Return the material exactly, first line through the line containing "7、創(chuàng)建玩家需要先取一個游戲角色名稱或者是可以給角色換一個姿勢。", and nothing more. Pictures stay out.

INPUT MATERIAL: Begin

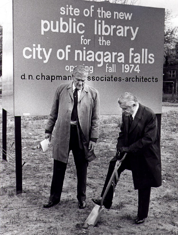 - L-R: George H Hamilton Chairman Niagara Falls Public Library Board, Mayor George Bukator
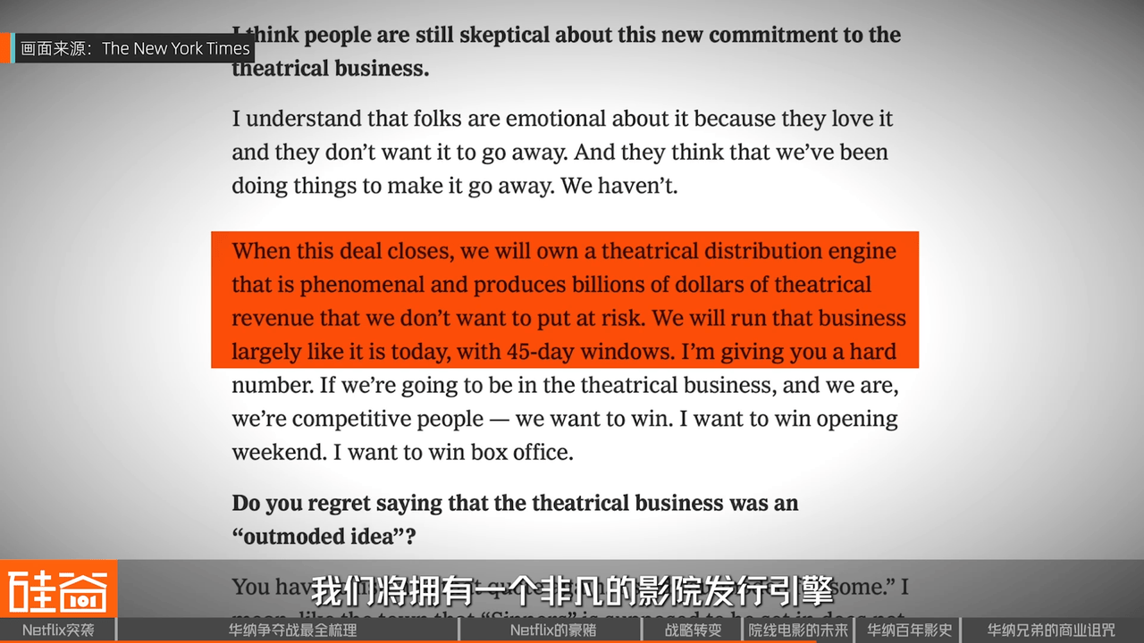 在1月16日与《》的专访中,Netflix的Co-CEO Ted Sarandos说:“这笔交易完成后,我们将拥有一个非凡的影院发行引擎,它将产生数十亿美元的影院收入,我们不想让这些收入面临风险,我们将基本上像现在这样运营这项业务,有45天的窗口期。”而此前他也对媒体表示,Netflix能保证华纳每年在院线
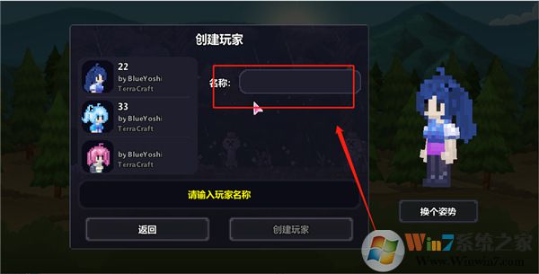7、創(chuàng)建玩家需要先取一個游戲角色名稱或者是可以給角色換一個姿勢。
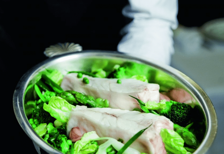 Tronçons de turbot étuvés et blanquette de légumes verts par Alain Ducasse
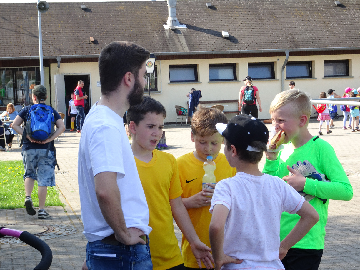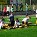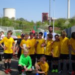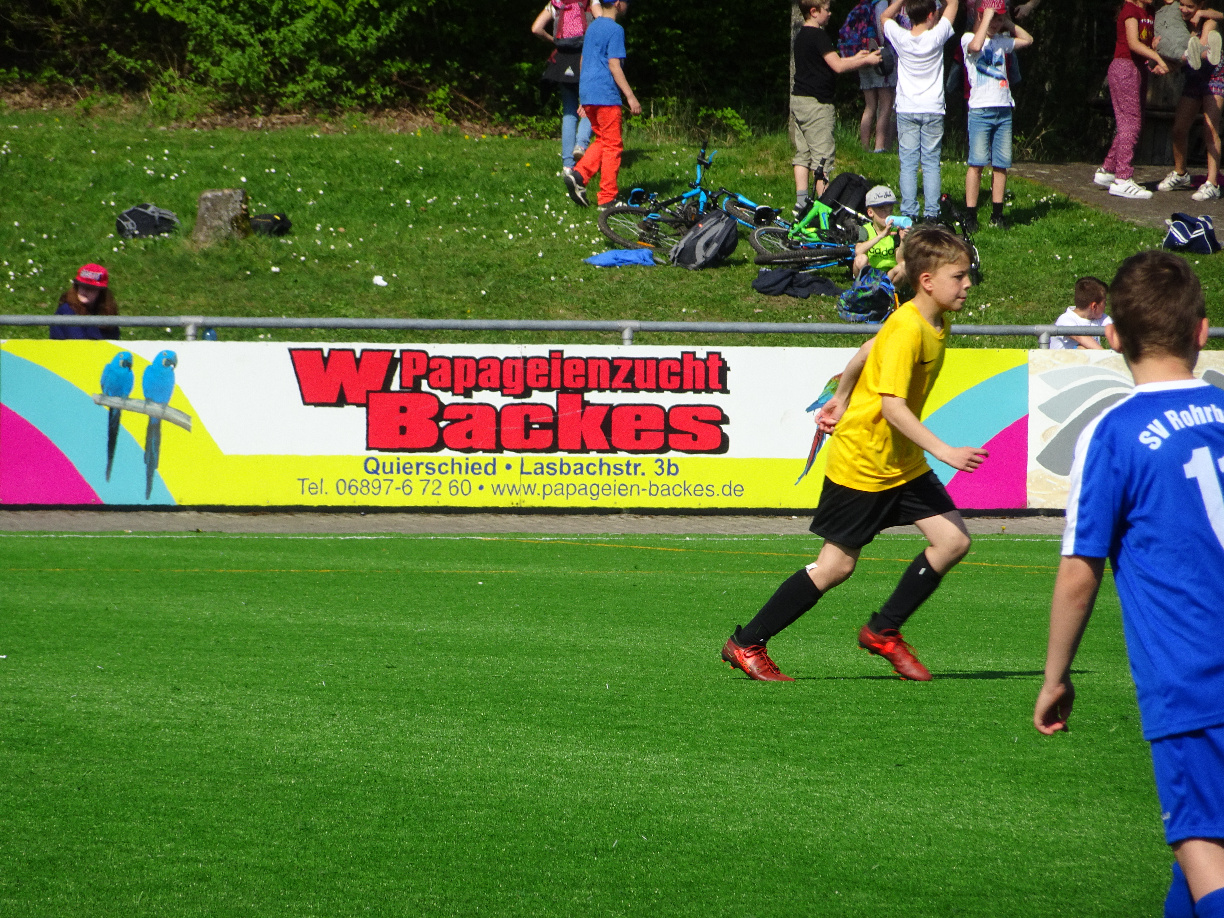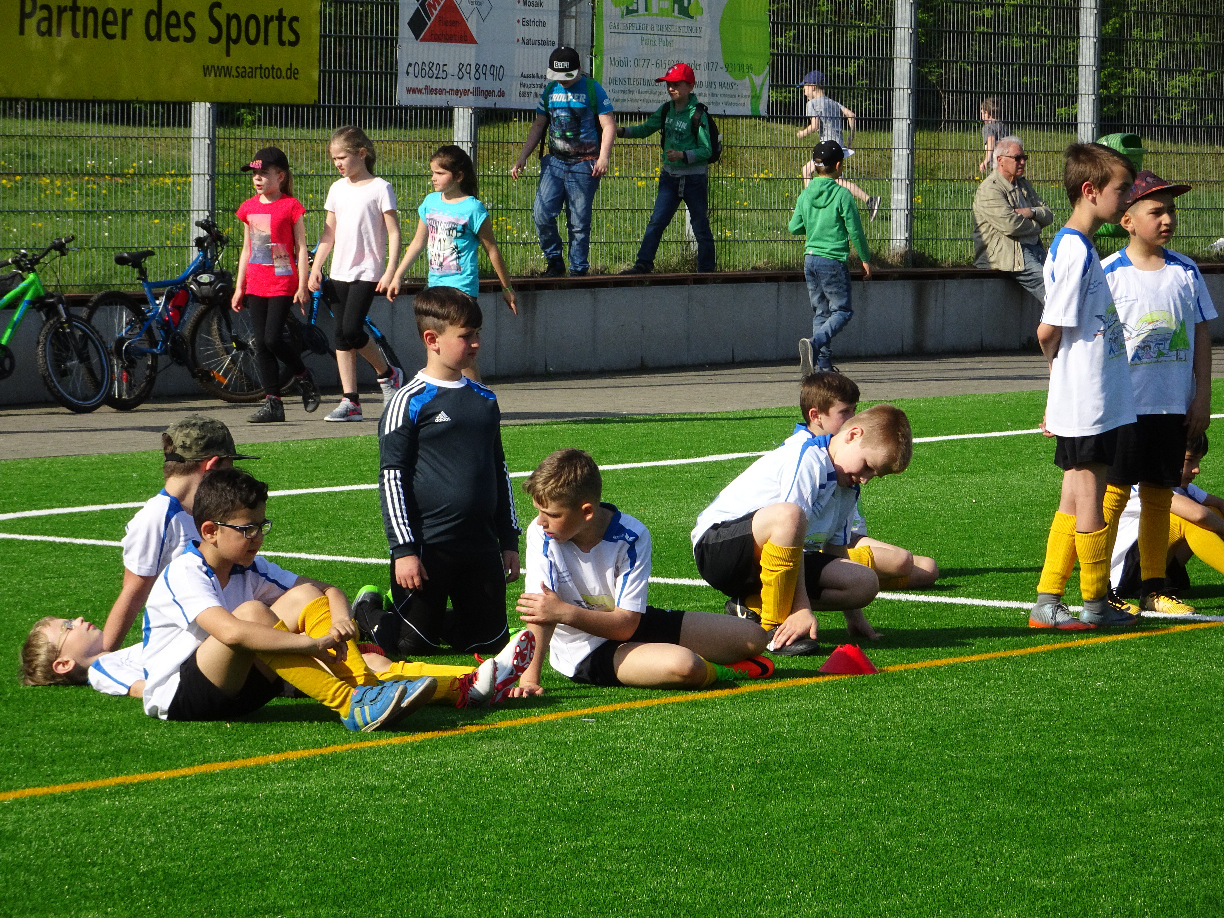 Mit leichter Verspätung ging es dann gegen 9:15 Uhr los. Dabei traf die Grundschule Lasbach auf die Mannschaft der Grundschule Fischbach-Göttelborn, die für dieses Turnier zwei Teams ins Rennen geschickt hatte. Parallel wurde auf Feld 2 das Spiel zwischen der Grundschule Herrensohr und der Grundschule Pestalozzi St. Ingbert ausgetragen. Stellvertretend für die Spvgg. Quierschied, fanden sich in vielen Mannschaften Spieler aus jenem Verein wieder. Trainiert man unter der Woche noch zusammen, galt es nun den Mannschaftskollegen alles abzuverlangen und seinem Team zum Sieg zu verhelfen. Während auf den Spielfeldern zwei heiß umkämpfte Partien zu bewundern waren, war auch außerhalb für das Wohl der Gäste durch den Verkauf von Kuchen und den allseits bekannten Stadionwürsten der Spvgg. Quierschied gesorgt. Und auch das Wetter, das an diesem Tag bis zu 28 Grad versprach, war bereits in den frühen Morgenstunden ideale Voraussetzung für ein unterhaltsames Turnier. Und das sahen die Zuschauer auch. Unter den breit gefächerten Kadern jeder Mannschaft fanden sich sowohl Hobbykicker als auch einige Hochkaräter wieder, die regelmäßig im Dress des SV Elversberg oder des 1.FC Saarbrücken auflaufen. Während sich die ersten Partien der Gruppe A zu Ende neigten, bereiteten sich die Kontrahenten der Gruppe B auf ihre ersten Spiele vor. Im Eröffnungsspiel konnte sich die Grundschule Lasbach über ihren ersten Dreier freuen, indem sie mit einem 3:0 über die Fischbach-Göttelborner ein erstes Statement setzten. Daraufhin hatten sich die Jungs erstmal eine Pause verdient, die an diesem Tag auch nicht zu kurz kommen sollte, war es doch bereits um 10 Uhr knapp 20 Grad. Ebenfalls durfte auch die Sonnencreme nicht fehlen, da der Platz mit Sonne geflutet wurde und sich auf diesem ein mittlerweile perfektes Klima zum Fußballspielen entwickelt hatte. Im nächsten Spiel mussten die Spieler des Veranstalters der Grundschule Lasbach dann gegen einen im Vorfeld schon schwierig zu spielen geglaubten Gegner aus Herrensohr ran. Doch auch die Herrensohrer waren gewarnt ob des 3:0 Ausrufezeichen im ersten Spiel. Man sah von Beginn an zwei erprobte Teams, die auf einen Großteil von eingespielten Vereinsspielern setzten. Das bessere Ende hatte am Schluss Herrensohr, die sich mit einem 0:2 Erfolg über die Grundschule Lasbach an die Tabellenspitze schossen. Im letzten Spiel musste für die Quierschieder Schule nun ein Sieg her, um noch eine Chance auf den Einzug in die Zwischenrunde zu haben. Gleichzeitig musste aber auch der Spitzenreiter aus Herrensohr ihr Spiel verlieren. Doch dazu kam es leider nicht. Auch das dritte Spiel ging an die an diesem Tag gut aufspielende Herrensohrer Mannschaft. Daher nutzte auch das 1:1, das die Quierschieder gegen die Grundschule St. Ingbert einfahren konnte nichts. Am Ende durfte sich dann die Mannschaft aus Herrensohr als Erster der Gruppe A in den Lostopf für die Zwischenrunde am 16. Mai einreihen. In der Gruppe B konnte sich St. Ingbert als glücklich schätzen, ebenfalls ein Ticket erspielt zu haben. Insgesamt war es ein tolles Turnier, das bei vielen Anklang gefunden hatte und jeder voll auf seine Kosten kam.

INPUT MATERIAL: End

■ WRITTEN REPLY ■
 - L-R: George H Hamilton Chairman Niagara Falls Public Library Board, Mayor George Bukator
 在1月16日与《》的专访中,Netflix的Co-CEO Ted Sarandos说:“这笔交易完成后,我们将拥有一个非凡的影院发行引擎,它将产生数十亿美元的影院收入,我们不想让这些收入面临风险,我们将基本上像现在这样运营这项业务,有45天的窗口期。”而此前他也对媒体表示,Netflix能保证华纳每年在院线
7、創(chuàng)建玩家需要先取一個游戲角色名稱或者是可以給角色換一個姿勢。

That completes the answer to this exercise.